Anthony Williams wrote:
"Reece Dunn" <msclrhd@hotmail.com> writes:
[2] Basic Type And Iteration
The basic representation is more complex, because now we are dealing with character boundaries (when dealing with UTF-8 and UTF-16 views of a Unicode string). At this stage, combining characters and marks should not be concerned with, only complete characters.
Here is the issue. What constitutes a complete character? At the lowest level, a single codepoint is a character. At the next level, a collection of codepoints (base+combining marks) is a character (e.g. e + acute accent is a single character). Sometimes there are many equivalent sequences of codepoints that constitute the same character. Sometimes there may be a single codepoint that is equivalent to a set of codepoints (e.g. e + acute accent => e-acute).
At another level, a set of codepoints represents a glyph. This glyph may cover one or more characters. There may be several alternative glyphs for a single set of codepoints.
Yes, but there may be more glyphs for one codepoint as well. If your definition of glyph is the same as mine (to me it has to do with graphics rather than meaning), glyphs have nothing to do with Unicode text handling, but rather with font drawing (AFAIK ICU deals with both). [...]

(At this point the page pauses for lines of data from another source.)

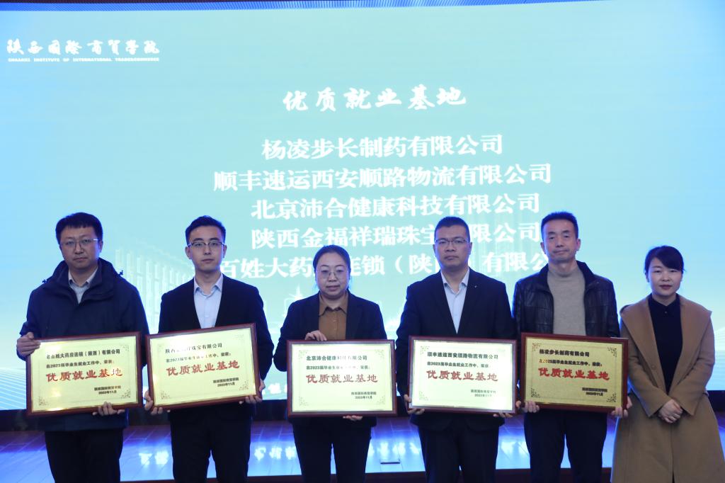 本网讯:11月23日下午,我校2023届就业工作总结暨2024届就业工作启动大会在学术报告厅二楼召开。执行校长贾明远,党委副书记、副校长李吉友,西咸新区人力资源服务中心主任杨蕊,陕西校际联聘人才科技集团总经理王剑,杨凌步长制药有限公司人事行政部经理刘虎,顺丰速运西安顺路物流有限公司人才管理经理邱天斌,北京沛合健康科技有限公司招聘经理陈珍,陕西金福祥瑞珠宝有限公司副总经理刘桥凯,老百姓大药房连锁(陕西)有限公司人力资源部总监姚勇勇,教务处等相关单位负责人,各二级学院党总支(副)书记,2023届、2024届就业联络员和辅导员,招生就业处全体及学生代表参加了本次大会。大会由招生就业处负责人主持。
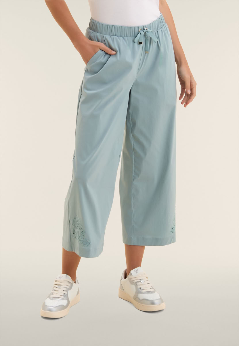 Pantaloni cropped dalla vestibilità comfort e taglio wide leg, con vita regular dotata di coulisse ed elastico interno per un effetto arricciato. Il fondo è decorato su entrambi i lati da un ricamo floreale stile sangallo, che dona un tocco romantico e sofisticato. Le tasche interne alla francese e la placchetta dorata con logo FREDDY sull'apertura della tasca sinistra completano il design. Realizzati in Popeline elasticizzato, offrono comfort e una vestibilità comoda con un look fresco e femminile.
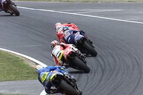 ![]() 比賽在起跑之後,長長的車陣緊密地連接在一起,最前方由L.Capirossi帶領,G.McCoy、M.Biaggi、中野真矢等8位車手勉強算是第一集團,彼此之間不斷超越互換順位,至於V.Rossi則因為起跑不佳,一時陷入第七、八位左右的位置;不過V.Rossi卻在前幾圈的潛伏之後開始發威,連續加速超越數位前方車手,直接爬到前三、四位左右,開始與Biaggi進行近身追逐,G.McCoy則已將速度不斷下滑的L.Capirossi超越,暫時取得領先位置。
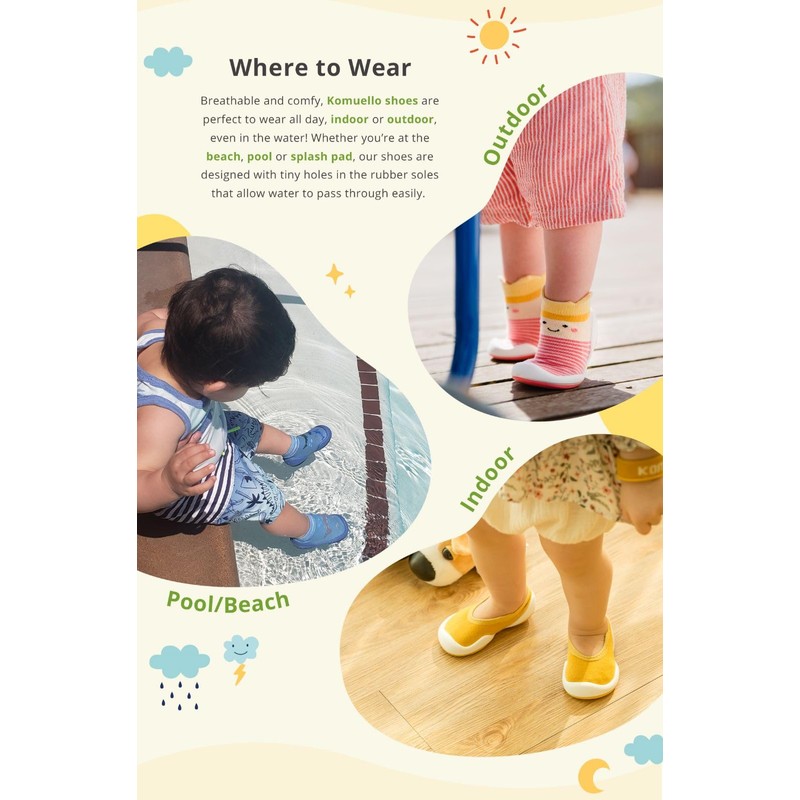 - Stay-On Comfort: Experience the perfect fit with Komuello's toddler sock shoes, designed with a cotton top that wraps comfortably around little feet. Our superior elasticity ensures they stay on securely, making them easy to put on and take off.
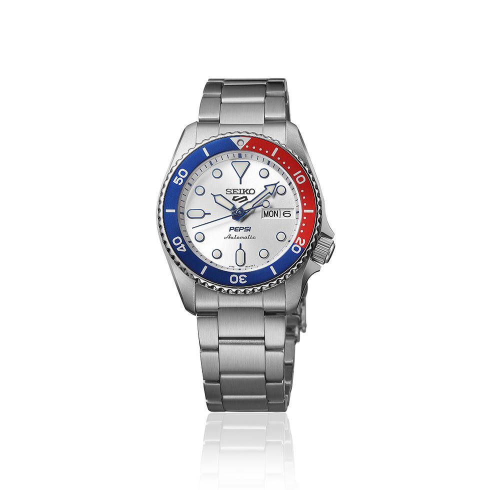 Lanzada en 1963, la línea Seiko 5 siempre ha representado una relojería fiable y accesible, con diseños deportivos y gran durabilidad. Esta colaboración con Pepsi —ya agotada— agrega una chispa de cultura pop a esa fórmula ganadora.
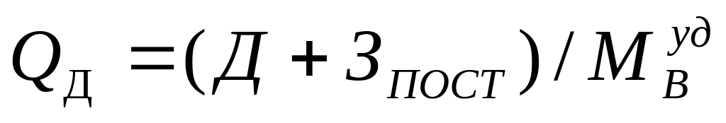 Вр – выручка от реализации продукции при объёме продаж Qпр единиц по цене Цр за единицу. При этом Цр·Qб =З пост+Зпер – условие безубыточности при объёме реализации Qб единиц и сумме постоянных (Зпост) и переменных (Зпер) затрат.

I would also suggest that there be another iterator that operates on std::pair< unicode_string::iterator, unicode_string::iterator > to group combining marks, etc. Thus, there would also be a function
unicode_string::utf32_t combine ( std::pair< unicode_string::iterator, unicode_string::iterator > & ucr )
that will map the range into a single code point. You could therefore have a combined_iterator that will provide access to the sequence of combined characters.
You cannot always map the sequence of codepoints that make up a character into a single codepoint.
However, it is agreed that it would be nice to have a means of dealing with "character" chunks, independently of the number of codepoints that make up that character.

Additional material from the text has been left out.